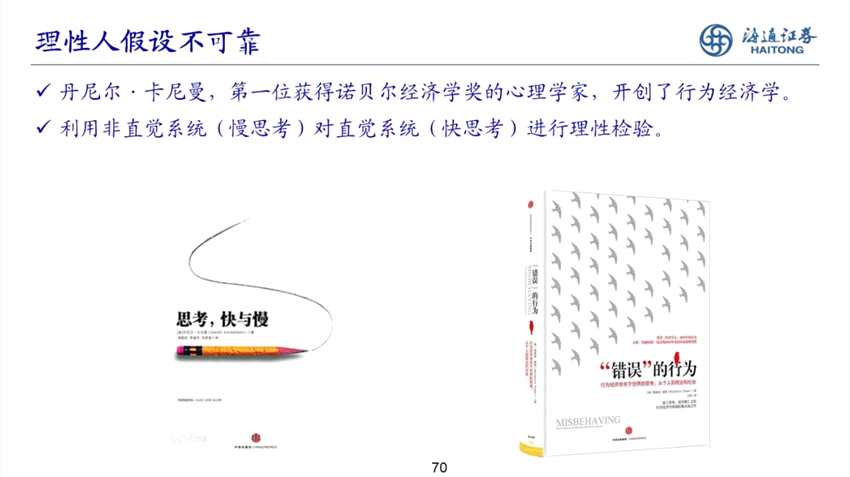 丹尼爾·卡尼曼是第一位獲得諾貝爾經(jīng)濟(jì)學(xué)獎(jiǎng)的心理學(xué)家,他提出經(jīng)濟(jì)學(xué)的理性人假設(shè)不可靠,開創(chuàng)了行為經(jīng)濟(jì)學(xué)?!端伎迹炫c慢》這本書是卡尼曼的代表作,也是行為經(jīng)濟(jì)學(xué)理論的經(jīng)典著作。2017年諾貝爾經(jīng)濟(jì)學(xué)獎(jiǎng)得主,行為經(jīng)濟(jì)學(xué)家理查德·塞勒的《錯(cuò)誤的行為》中舉例分析了,人類現(xiàn)實(shí)生活中的各種經(jīng)濟(jì)行為,受到各種“非理性”因素影響?!端伎?,快與慢》開創(chuàng)性地把人類的思考模式拆分為快思考和慢思考兩個(gè)系統(tǒng),即系統(tǒng)1和系統(tǒng)2。系統(tǒng)1是依賴直覺的、無(wú)意識(shí)的思考系統(tǒng),系統(tǒng)2是需要主動(dòng)控制的、有意識(shí)進(jìn)行的思考系統(tǒng),提出我們應(yīng)該利用系統(tǒng)2(慢思考)對(duì)系統(tǒng)1(快思考)進(jìn)行理性檢驗(yàn)。
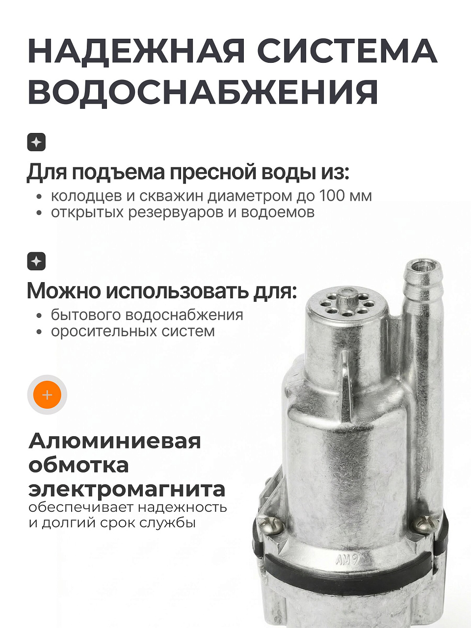 - Предназначен для подачи воды из шахтных колодцев и скважин с внутренним диаметром не менее 100 мм.
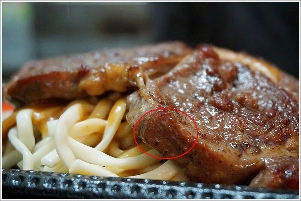 突然發現隔壁桌的肉好大一塊,立馬詢問是否可以讓小凉拍一下,想不到郎客也點頭說好呢,這是A級沙朗厚片,你看看小凉圈起來的厚度一點都不誇張,這厚度有兩公分左右。
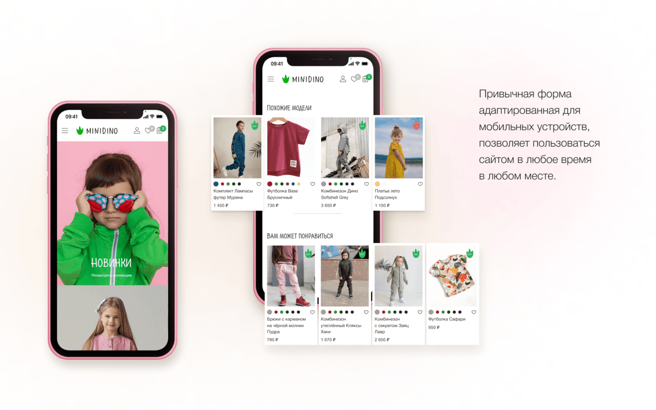 Функционал сайта адаптирован и доступен в удобной и привычной форме для мобильных устройств. Более того, нами предусмотрено два варианта сетки — товары в один ряд и в два ряда. Такой подход способствует эффективной работе с ограниченным пространством используемого устройства.
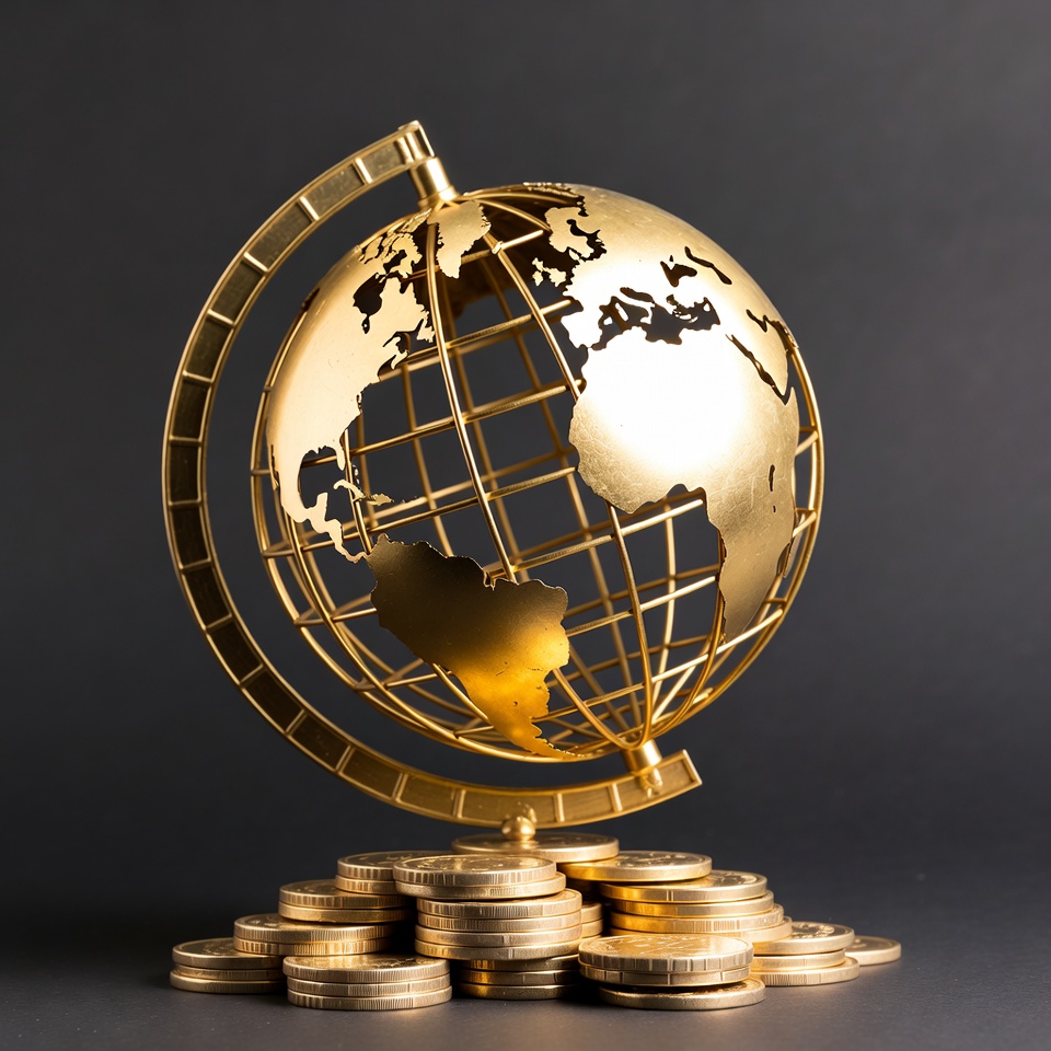A golden globe stands on a tall stack of gold coins against a dark background. The globe features a detailed wireframe design with visible continents like Europe, Africa, and South America. It is mounted on a ornate golden stand.
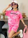 SHEIN 2 件套年轻女孩休闲可爱卡通动物印花彩色扎染短袖 T 恤和短裤套装,适合夏季
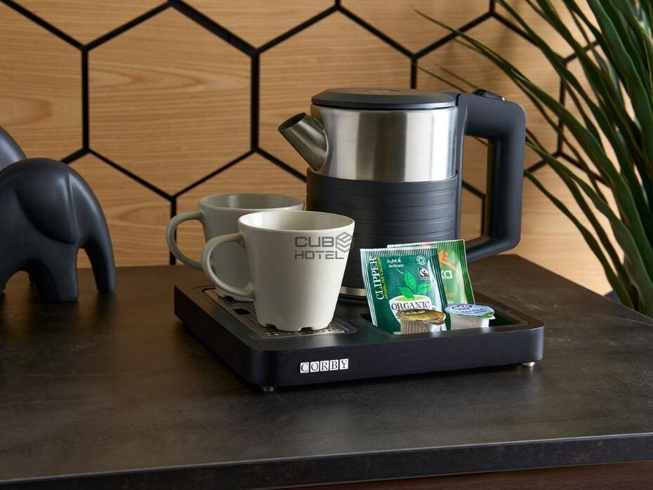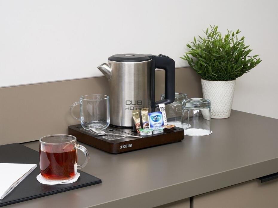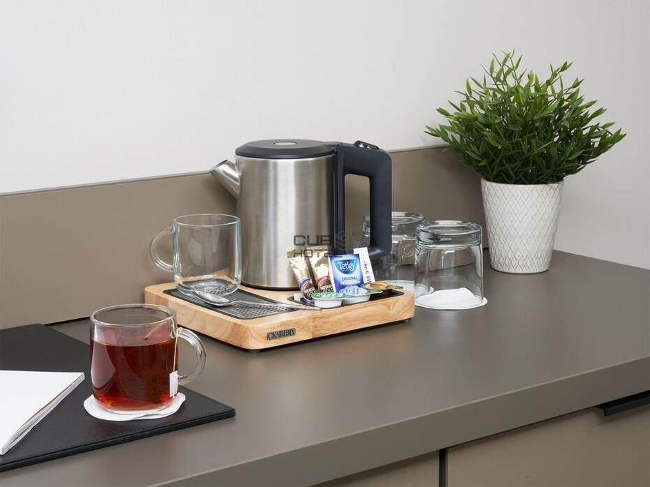 O tabuleiro de boas-vindas Canterbury Compact é a solução prática e elegante para preparar bebidas quentes em quartos de hotel.

══════════

Your objective |
With every picture left out, print exactly the lines from the one containing "SHEIN 2 件套年轻女孩休闲可爱卡通动物印花彩色扎染短袖 T 恤和短裤套装,适合夏季" through the final line of the material above.

Problem solution |
 SHEIN 2 件套年轻女孩休闲可爱卡通动物印花彩色扎染短袖 T 恤和短裤套装,适合夏季
 O tabuleiro de boas-vindas Canterbury Compact é a solução prática e elegante para preparar bebidas quentes em quartos de hotel.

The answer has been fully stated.